I have made a vow with myself, that I am no longer sending out crap to agents and editors.
For certain values of crap:
Inasmuch as I can tell what it is and isn’t crap at a given point in my writing career; that I have no issues with the piece at a personal level; that I have no self-doubt about the piece; that I have let the piece cool for a significant amount of time, not to exceed one year; that several pairs of appropriate eyes have looked over the piece, including but not limited to readers, writers, audience appropriate readers, and specialized readers; that I have finished the piece more than one time at a minimum; that I have been over the material at least three times on my own, at least one more time for reader input, and at least one time solely for line edits; that I have carefully proofread the piece; and that I understand that the piece may be revised as my ability to see crap more clearly comes into play.

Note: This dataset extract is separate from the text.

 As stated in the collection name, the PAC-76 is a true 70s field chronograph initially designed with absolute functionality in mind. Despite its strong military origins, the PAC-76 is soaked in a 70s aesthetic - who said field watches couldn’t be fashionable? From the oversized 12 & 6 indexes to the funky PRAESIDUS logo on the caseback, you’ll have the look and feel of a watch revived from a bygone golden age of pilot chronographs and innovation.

Understanding that many of these are minimums, and also understanding that there comes a point when revision can do more harm than good.
Underpinnings:
Quality is more important than the deadline; self-satisfaction is more important than the publication; self-respect is worth more than exposure; professionalism and quality go hand in hand; and since there is no guarantee of publication, you may as well hold yourself to high standards.
I can live with that.
ETA: I’ve been receiving some concern that perhaps this means I am down on my writing, so please allow me to contextualize. Many times, after I’ve circulated something, I look it over, and I can see why it didn’t succeed. I’d sort of like to skip that step, and send out something fairly decent the first time. That means I need to let things ripen more than I usually do.
Also, this does not mean I don’t intend to submit. Of course I intend to submit.

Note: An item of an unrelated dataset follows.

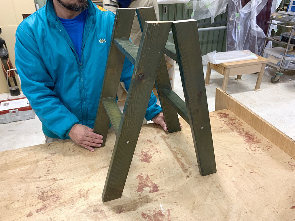 お打ち合わせに伺った時に家具作りたいおっさんがピンときて、「はしご、踏み台とか飾り棚とかにしたら可愛いですね」とお客様にお話ししたところ「そんなことができるんですか!?ぜひお願いします!」と言っていただきリメイクさせていただくことになりました。

And this doesn’t mean that I reject that first drafts are crap. Yes, they are. Rewriting is ruler of all! That means, though, that I need to take more care with my rewriting process in order to produce a product I am happy with. Savvy?
And yes, other people may find my writing better than I do. Cool. But I am the first line of defense.
No crisis to see here. Just an attempt to do better.
Crap is a subjective term. I’ve found several items that I published years ago come close to fitting that description compared to the writing I’m doing now. It makes me wonder how I managed to get published at all.
As much as I cheer you on with your vow, I would also like to point out to beware of Drawer Syndrome. Don’t hold on to your work so long, you never send anything out at all. You’re a good writer. Remember that. Crap is the first draft. Everything else is spit and polish.
Never fear. I’ll still send things out. I believe there’s a point when I’ll be satisfied, given all those variables.
But yes, there’s always room for growth. That’s why I said “I understand that the piece may be revised as my ability to see crap more clearly comes into play.”
I know what you’re talking about when you suggest crap is subjective. In part that’s why I’m taking a closer look these days. I sometimes get something back after it’s been circulating for a while, and I say, “Well, no wonder.” If I could avoid that step, I’d be happier.